Okay, let’s not kid ourselves:  these are more like occasionally asked questions, because there are a raft of good living poets out there and if you don’t advertise, the world does not in fact beat a path to your poetry door.  (If you couldn’t tell, I’m trying to do a better job of advertising these days, but, as you can also tell, it’s not my strong suit.)   But even one question deserves an answer, so here we go.  If you have a question of your own, e-mail me at my work address and I’ll do my best to answer it.

  • What kind of poetry do you write?

Isn’t that always the question?  The one that we’re supposed to field confidently, yet with becoming modesty, conveying pithy information in a short compass so as not to take up more than our allotted minutes, or seconds.  The short answer is that I write what Thomas Lux, of fond memory, called “oddball” poems, sometime with weird premises, often with humor, often but not always about nonhuman nature in specific places.  These days I’m writing more about the fraught topics of whiteness and complicity.  And while I love formal verse and have written a lot of it, most of mine isn’t formal anymore; it relies more on internal half-rhymes, syllabic rather accentual meters, and very careful lineation for its music.
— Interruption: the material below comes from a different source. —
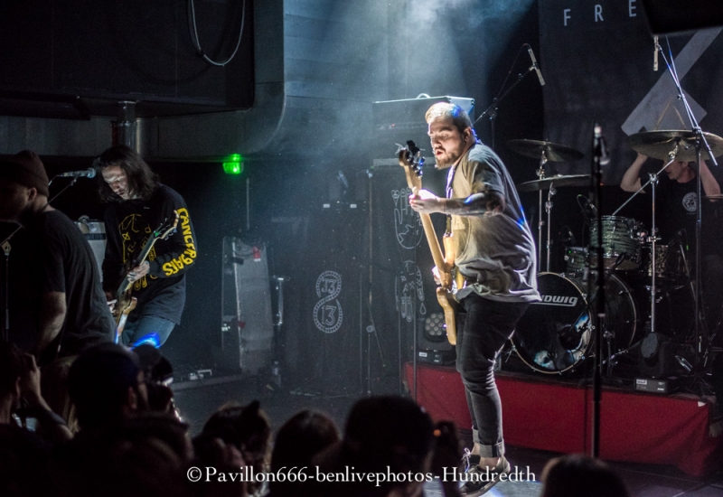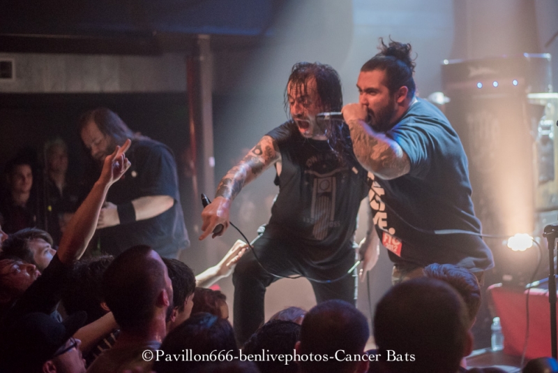 The Hundredth propose un metalcore/hardcore hyper énergique. Le chanteur Chadwick Johnson, n’hésite pas à descendre dans la fosse pour partager le micro. Leur bassiste est encore plus énergique. Il ne cessera de sauter dans tous les sens, sans réellement souffler. Ces deux là sont donc parfaits pour aider à mettre le feu dans la fosse, et nos jeunes (et moins jeunes) spectateurs n’en demandent pas tant pour se faire prier. Les autres membres du groupe ne sont pas en reste non plus. Leur son est surprenant. Je le trouve très agressif voire hardcore avec peu de passages “ambiant” chers au metalcore. Mais en écoutant sur le net, je comprends que non, Hundredth fait bien du metalcore assez traditionnel avec parfois des voix claires mais cela reste peut-être plus agressif que d’autres groupes. En tout cas leur set, composé d’un son agressif allié à une prestance virevoltante fut la parfaite alchimie pour mettre les fans dans les meilleures conditions pour accueillir les Canadiens de Cancer Bats.

But if you think you can stand a longer answer, here’s me talking about one of my better-known poems, in context of an old and unfavorable review.  It’ll tell you what I think I’m doing, though writers aren’t always the best judges.
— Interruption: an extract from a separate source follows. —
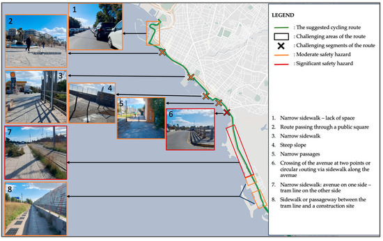 Regarding the morphology of the cycling route, certain segments are considered hazardous (Figure 4), primarily due to their close proximity to Poseidonos Avenue and, consequently, the increased vehicular traffic or the tram line. Nevertheless, several other factors also contribute to the lack of safety in the existing conditions. These include insufficient sidewalk width, passage through public squares or shared-use low-traffic roads, and narrow or constrained sections of the route.

  • What are your current projects?
    • My third full-length collection, Larvae of the Nearest Stars, is due out from LSU Press in October 2019.
    • I’m working on a modern-English translation of John Gower’s Confessio Amantis, with Brian Gastle.  It’s thirty-three thousand lines, this will be the first complete translation into modern English, and it’s about love and growing old.
    • Still in the conceptual stage…but I’m thinking of a book of strategies, lesson plans, and assessments for 9-12 ELA teachers who want to use more poetry, or use poetry in more engaging ways and for a wider range of purposes, in their classrooms.  I may post some of these to this website, once WordPress and I are on better terms.
  • Why should we call you and not some better-known poet?
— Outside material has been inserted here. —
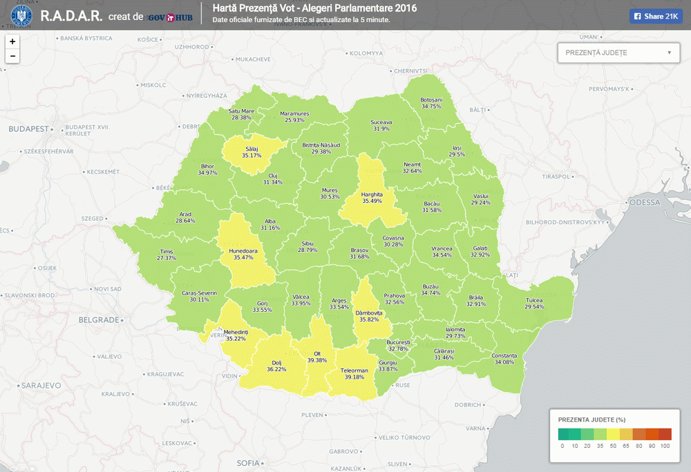 Prezenta la vot in judetul Bacau a fost, la ora 18.00, de 32,81%, mai mica decat media pe tara care a fost 34.39%.

It’s not for me to say that you should.  But you may want to, for reasons as much  pragmatic as poetic.  One, I’m cheap–well, let’s call that instead “exceedingly inexpensive.”  If I’m close by and can work it into my schedule, I’m free.  If I’m not, I’m still cheaper than almost anyone with a bigger name…so, you know, call me maybe.  Two, I’m a teacher as well as a poet, with an NC teaching license.  And I work hard at the teaching:  if I come to a class or workshop, I’m going to have outcomes, a lesson plan, and engaging activities, because I’ve been teaching too long to expect student attention or respect until I’ve earned it.  Three, I work to make the readings short, punchy, and engaging; I won’t mumble on for forty-five minutes at a  time from my book of linked unpunctuated double sestinas connecting the life of Admiral Byrd with the death of one of my family members.  (Kidding:  I do not have such a book, nor do I know anyone who has such a book.  If you have such a book, I’m sure it’s a lovely book and I apologize in advance for inadvertently mocking it.  I’m just trying to make the point that not all poets consider their audiences.  I do.  I know people want to laugh as well as wince, and I don’t find that an unworthy desire.)

  • How can you seine a parking lot?  What’s seining anyway?

The seine is a large, long fishnet with a pole on either end, a weighted bottom line, and a floated top line.  One person holds one pole steady in shallow water while the other muscles the second pole along the bottom–first outward into slightly deeper water, then back toward the beach or bank in an arc or curve, so that the net in between herds anything alive into shallow water, where it can be scooped up.  It’s a good way to find out what kind of fish and shrimp are in a particular area, and also for collecting bait.  But you can seine a parking lot only when it happens to be full of water.  I called the website “Seining the Parking Lot” not only because I’m fond of the poem from which it comes, but because seining has something in common with writing and thinking about poetry.  It takes some imagination, and some help from something bigger than we are, like a river, and sometimes it sounds impossible–but sometimes, too, it happens.  Sometimes we find what we were looking for; sometimes we find things we didn’t think to look for.